Эти люди слышали от южных соседей о белом народе, превращавшем черных людей в рабов, отбиравшем у них землю. Знали они и то, что белый народ ведет себя по-разному, сразу и не угадаешь, чего от него ждать. Их провидцы и шаманы предрекали появление белых, связанное с этим кровопролитие, борьбу за выживание. Но не в характере черных людей беспокоиться о будущем.
Однажды на их территории и вправду появились белые люди, много белых людей, сидевших на спинах странных животных и в повозках, тоже напоминавших животных с большими круглыми лапами. Черные люди поначалу онемели от изумления, увидев белый народ. Чуть меньше дивились лошадям. Кто-то покатился со смеху. За ним грохнули остальные. Все было у этого странного народа не как у людей. Кожей они точные пришельцы из мира мертвых, очень нездоровый вид, очень. А сколько на них всего намотано! Сами туземцы одежды практически не знали, благоприятные природные условия упраздняли в ней необходимость. А на этих — сплошное нагромождение выпуклостей и складок второй кожи, сделанной не то из больших листьев неведомых растений, не то из трупов каких-то неизвестных животных. И на головы положены какие-то странные предметы. И какие-то они все надутые, неестественные, неуклюжие. Как они вообще передвигаются? Никогда черные люди не задумывались о том, какие они красавцы, но тут невольно сравнили, как они выглядят, как ходят, сидят, улыбаются… Как они танцуют! Пульсация природы, неотъемлемой частью которой они себя сознавали, диктовала им ритмы жизни, движений, дыхания. А эти комичные пришельцы… да им руки не поднять! Шагу не сделать! Такие неуклюжие, как будто духи леса прокляли их. А сколько у них всякого барахла! Что это за существа, таскающие с собой столько поклажи, что и не унести, что нужны повозки, запряженные мощными неуклюжими оленями — громадными, толстыми, но с коротенькими рожками? Зачем все это? Что они будут со всем этим делать? И сами они зачем?
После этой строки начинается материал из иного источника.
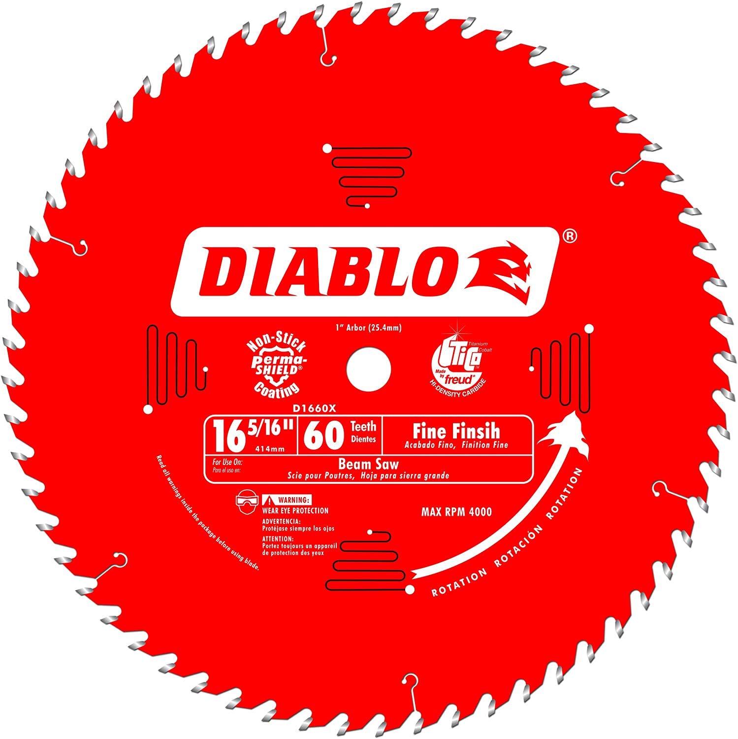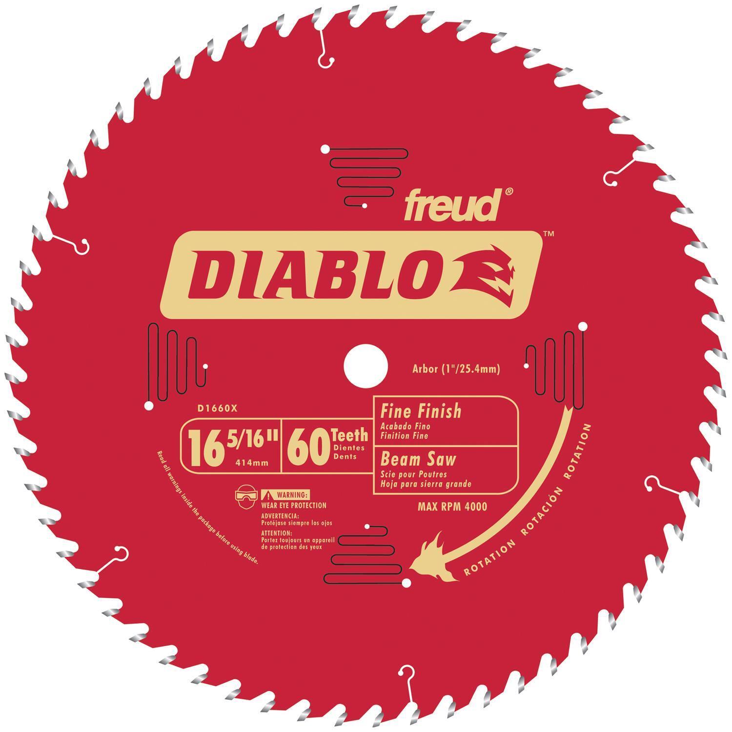 Product Description16-5/16X60X1 ATB REDFrom the ManufacturerDiablo Beam Saw Blades are designed for large capacity beam, post and timber cutting. 16-5/16-Inch Beam Saw Blade is ideal for timber framing such as LVL, Gleams and Parlays. Cuts up to 6 1/4-Inch at 90 Degrees and 4 3/16-Inch at 45 Degrees. Durable Freud’s Tico Micro Grain Titanium Carbide Teeth for razor-sharp cuts and long life. Perma-Shield permanent non-stick coating prevents gumming and corrosion.16-5/16-Inch by 60t ATB 1-Inch arbor. Design for Makita Beam Saw.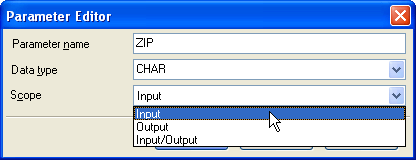 Use the Scope box to set whether parameter is Input, Output or Input-Output.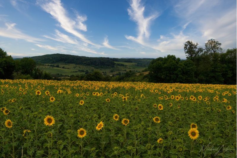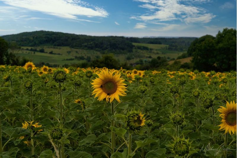 Ich versuche dem industriellen Treiben zu entfliehen und weiter geht es auf der Route. In den Ortsschildern kommt jetzt wieder häufiger der Zusatz sur-Moselle, der bedeutet, dass die betreffende Ortschaft in Fussnähe liegt. Dennoch verliere ich die Moselle (Mosel) immer wieder aus den Augen, die Straßen entfernen sich von ihr, Häuser und Industrieanlagen versperren die Sicht. Später ist sie weg. Doch kurz nach Nancy macht la Moselle einen Bogen nach Westen und umfließt die Stadt weitläufig. Hier komme ich wieder auf Tuchfühlung an sie ran. Und vor Toul zeigt sie so zu sagen als Entschädigung ihr Allerheiligstes: die Mosel Riviera bei Liverdun – ihren einzigen kleinen Sandstrand. Ich schätze ihn auf sieben Meter Länge oder so ähnlich. Ich sehe mir die mittelalterliche Stadt Liverdun mit den markanten Häusern, Stadtmauer und Türmen oberhalb des Flusses genauer an. Eine kleine Pause in einem der Cafés und weiter geht es unter dichten Blätterdach und ich kann die Moselromantik noch und nöcher mitnehmen. Graureiher stehen reglos wie Statuen im Wasser, Fische springen zum Fliegenfang aus dem Wasser. Toul liegt noch auf dem Weg, wenn man mag und ist eine einzige Festung aus dem 17. Jahrhundert, umgeben von meterdicken Wehrmauern und tiefen Gräben. In den alten Gassen des Städtchens wird der letzte Südfrankreich-Urlaub wieder gegenwärtig. Überall blüht es, die Wäsche hängt auf den Balkonen, und es riecht förmlich nach Sommer. Die Getreideernte auf den großen Feldern links und rechts der Straße ist im vollen Gange und viele Sonnenblumen drehen wie Soldaten im Gleichschritt ihre Köpfe in Richtung unseres zentralen Sterns. Heute hat sich der Licht- und Wärmespender allerdings oft hinter Wolken versteckt, aber es bleibt trocken.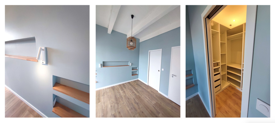 La tête de lit devient un élément d’agencement à part entière. Nous intégrons des niches et tablettes, ainsi que l’éclairage, les prises et tous les détails de raccord pour une finition nette et durable.

Черные люди дивились, гадали, а вечером увидели, как эти деревянные куклы в нелепых одеждах вытянулись, опустив руки и прижав их к туловищам, и принялись издавать какие — то звуки. Ну, пением это, конечно, никто бы не назвал. Никакого ритма, просто воют, как голодные гиены.
Однако лошади наводили на размышления. Черные люди увидели лошадей впервые. И быки, толстые олени с маленькими рожками. И ружья, которые могли убить на большом расстоянии. Смех сменился раздумьем. Потом пришел страх.
От колонны отделились делегаты, запросили разрешение на пользование землей, получили его. Понятие собственности на землю не проникло еще в сознание черных. Земля принадлежит себе самой, содержит животных и людей; она насыщена Великим Духом — источником всей жизни.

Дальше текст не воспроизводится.